## Goal of the exercise
In the records that follow, find the line containing "Uma bela coroa" and the line containing "CSVファイルに追加したいカテゴリーとタスクの情報を記載します。", then transcribe both and every line between them exactly, omitting pictures.

** Opening Records for the task block **

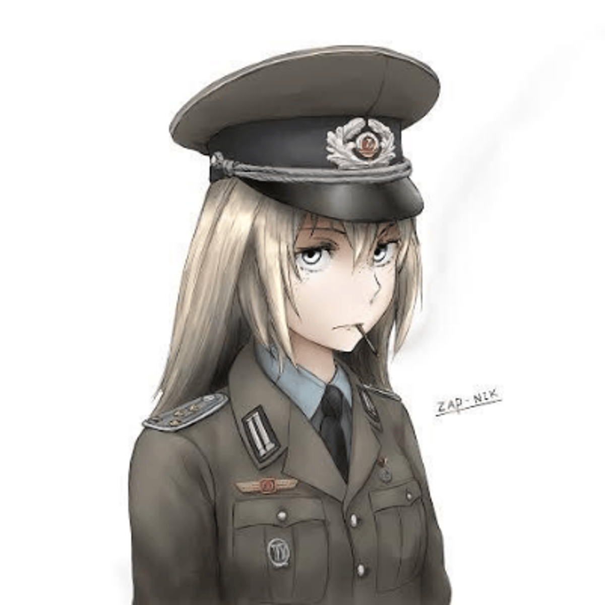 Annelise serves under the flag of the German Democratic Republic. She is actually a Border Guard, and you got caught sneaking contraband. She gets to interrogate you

** Closing Records for the task block **
** Opening Records for the task block **

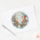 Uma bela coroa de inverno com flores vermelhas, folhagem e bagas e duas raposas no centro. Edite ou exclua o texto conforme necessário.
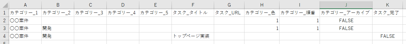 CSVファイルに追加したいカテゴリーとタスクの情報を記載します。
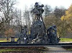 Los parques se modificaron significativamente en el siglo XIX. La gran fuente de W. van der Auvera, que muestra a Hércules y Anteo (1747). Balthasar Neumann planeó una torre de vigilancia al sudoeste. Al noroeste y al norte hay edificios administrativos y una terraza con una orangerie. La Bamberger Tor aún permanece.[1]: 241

** Closing Records for the task block **

## Answer
 Uma bela coroa de inverno com flores vermelhas, folhagem e bagas e duas raposas no centro. Edite ou exclua o texto conforme necessário.
 CSVファイルに追加したいカテゴリーとタスクの情報を記載します。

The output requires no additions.